WHAT IS BEING ASKED — Leaving out all pictures, write down exactly the lines from the one containing "Os restos mortais" through the last line of the material.
[SUPPLIED INFORMATION]
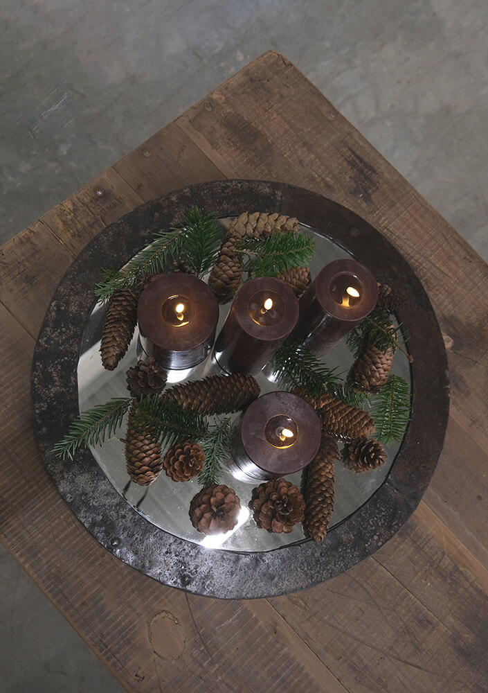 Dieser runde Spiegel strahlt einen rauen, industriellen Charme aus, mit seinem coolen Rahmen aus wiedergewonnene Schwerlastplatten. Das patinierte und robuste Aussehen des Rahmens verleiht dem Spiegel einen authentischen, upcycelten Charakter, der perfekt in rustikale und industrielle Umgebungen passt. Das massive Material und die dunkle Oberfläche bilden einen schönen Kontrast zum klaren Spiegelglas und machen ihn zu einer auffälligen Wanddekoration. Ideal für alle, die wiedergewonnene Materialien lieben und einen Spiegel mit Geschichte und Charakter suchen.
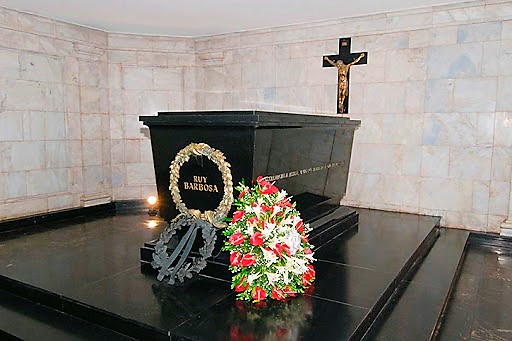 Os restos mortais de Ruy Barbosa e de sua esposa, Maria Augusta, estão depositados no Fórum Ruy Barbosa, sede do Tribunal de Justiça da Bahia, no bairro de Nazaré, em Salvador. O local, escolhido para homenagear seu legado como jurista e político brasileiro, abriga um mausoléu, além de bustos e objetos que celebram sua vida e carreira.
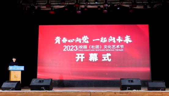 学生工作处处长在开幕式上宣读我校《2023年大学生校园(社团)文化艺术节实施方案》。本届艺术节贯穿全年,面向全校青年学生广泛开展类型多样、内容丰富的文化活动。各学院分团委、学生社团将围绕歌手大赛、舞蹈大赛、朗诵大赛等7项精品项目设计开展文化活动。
[/SUPPLIED INFORMATION]
TASK OUTPUT —
 Os restos mortais de Ruy Barbosa e de sua esposa, Maria Augusta, estão depositados no Fórum Ruy Barbosa, sede do Tribunal de Justiça da Bahia, no bairro de Nazaré, em Salvador. O local, escolhido para homenagear seu legado como jurista e político brasileiro, abriga um mausoléu, além de bustos e objetos que celebram sua vida e carreira.
 学生工作处处长在开幕式上宣读我校《2023年大学生校园(社团)文化艺术节实施方案》。本届艺术节贯穿全年,面向全校青年学生广泛开展类型多样、内容丰富的文化活动。各学院分团委、学生社团将围绕歌手大赛、舞蹈大赛、朗诵大赛等7项精品项目设计开展文化活动。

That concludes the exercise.